# Martyr in Sumatra



## Pergamum (Jul 10, 2008)

Here is an email I received today from someone:



Yesterday (July 9) I received word that a faithful Indonesian 
> Christian was martyred in the city of B____. 


> 
> Mas [names abbreviated] was the young son of my acquaintance of many years 
> Zan.. Some of you may remember that after the Tsunami 
> in Sumatra we raised money to help Zan bring relief to his 
> own people. Even at that time he was imprisoned for preaching the 
> gospel, but inexplicably released without charges. Now his son 
> Mas has paid the price which he has faced for himself on many 
> occasions. 
> 
> Zan converted from Islam and later translated the entire 
> Bible into the ___ language (the language of the predominantly Muslim people 
> of ___). 

He himself has been sentenced to death and escaped, and 
> has had attempts on his life and experienced many threats for his 
> faithful witness to his own people. He has led many Muslims to 
> faith in Christ and helps disciple and train them.
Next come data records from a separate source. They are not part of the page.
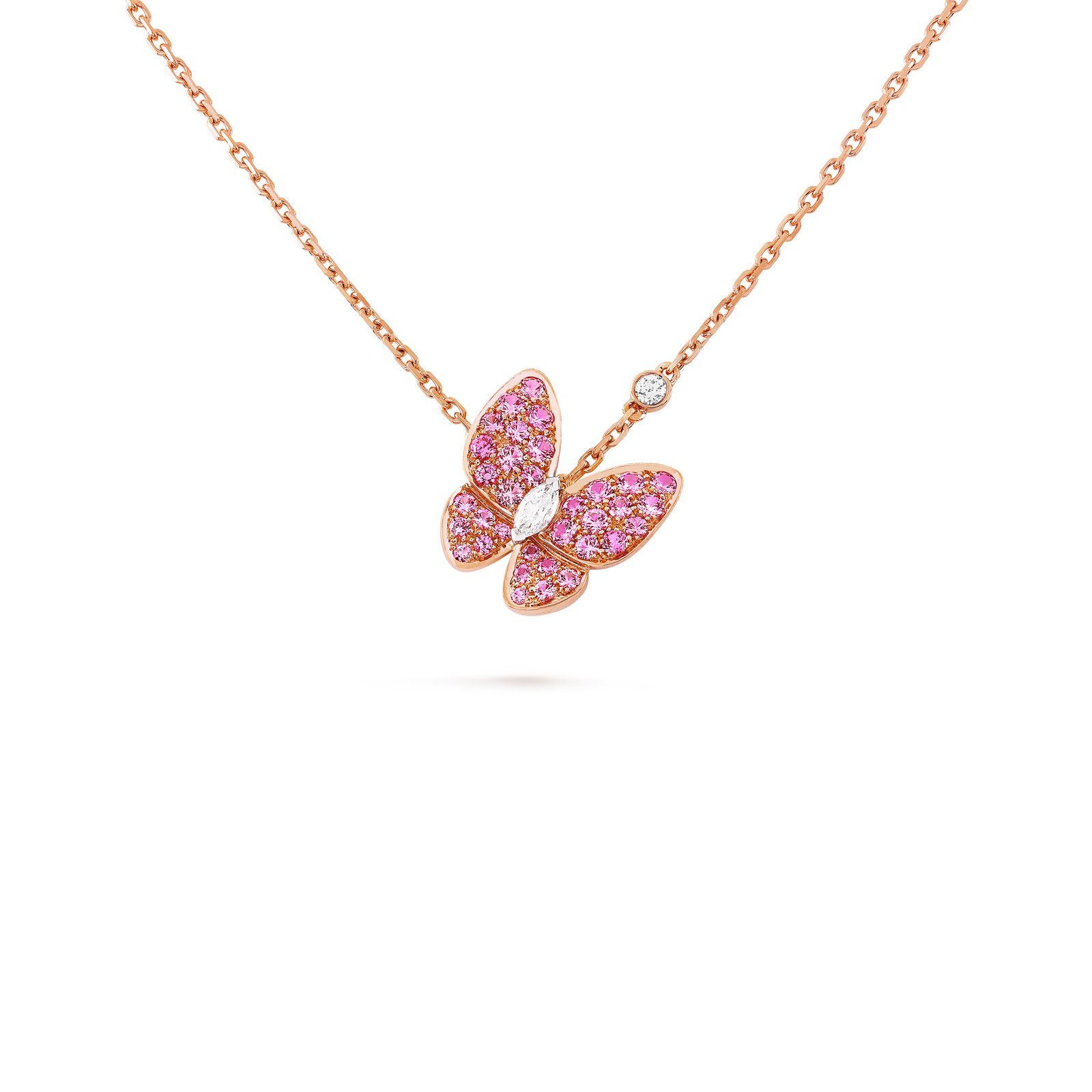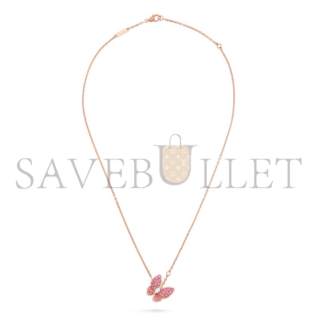 Two Butterfly pendant, 18K rose gold, round pink sapphires, rhodium plated 18K white gold, round and marquise-cut diamonds; diamond quality DEF, IF to VVS.
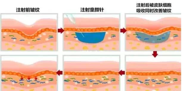 虽然玻尿酸和童颜针在功能上都是填充,但他们的原理大不相同。玻尿酸是将其作为物理填充物填补凹陷;而童颜针是刺激自身皮肤深层胶原蛋白产生,同时激发细胞活力。前者的术后效果谁说是立竿见影,但维持的时间短,需要4-6个月补充注射一次。而后者2周胶原开始增加即可见到效果慢慢体现,外观看更真实,效果更持久。同时,童颜针针对的是全脸肌肤的提升和紧实度。
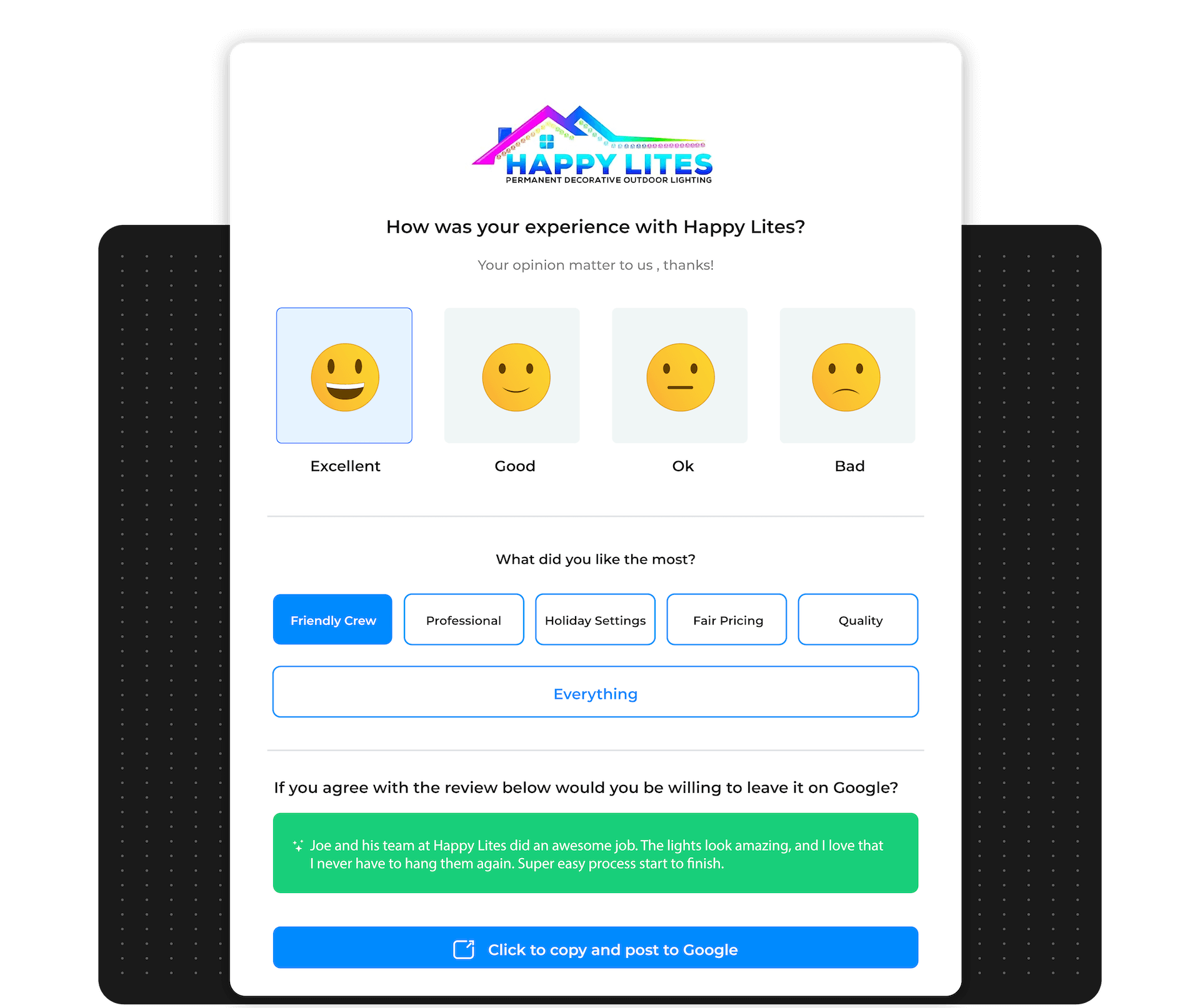 Bonfire directs happy customers to Google and sends unhappy ones to a private feedback form to give you a chance to make it right.

His own son who 
> had theological training was attacked and killed in the city B___ and 
> a Bible was placed on his face by the attackers, suggesting that he 
> was killed for preaching the gospel. 
> 
> Mas was the sole surviving member of Zan’s family. 
> His wife and two daughters had previously passed away. 
> 
> 
> Two days ago, I received Zan’s prayer bulletin. He quoted, 
> “Engkaulah yang memagari dia dengan anugerah-Mu seperti perisai.” 
> Mazmur 5:13 (“You fence him [the righteous] around with your grace 
> like a shield.” Psalm 5:12). 

In the letter he reported that several 
> students had completed their training and returned to A___ to begin 
> ministry. He referred to a new centre of evangelism (perhaps the 
> very one started by his son). 


> 
> In his prayer requests he mentioned that someone had attempted to 
> poison him in March. The person who made the attempt later confessed 
> that he had been assigned the task and had used a very deadly 
> poison. He had expected Zan to die within an hour of eating 
> the poison; but he saw that though he was vomiting blood, Zan 
> and his friends just prayed for God to help. When he saw God answer 
> their prayers, he decided to confess!


----------



## Augusta (Jul 10, 2008)

Psalm 116:15
Precious in the sight of the LORD is the death of his saints.


----------



## Leslie (Jul 11, 2008)

It is an indictment of the stateside church that real Christianity, as portrayed in this story, looks so different from what one sees in the evangelical culture there. May God comfort the church and may the seed of this man's blood produce much fruit for the kingdom of God.


----------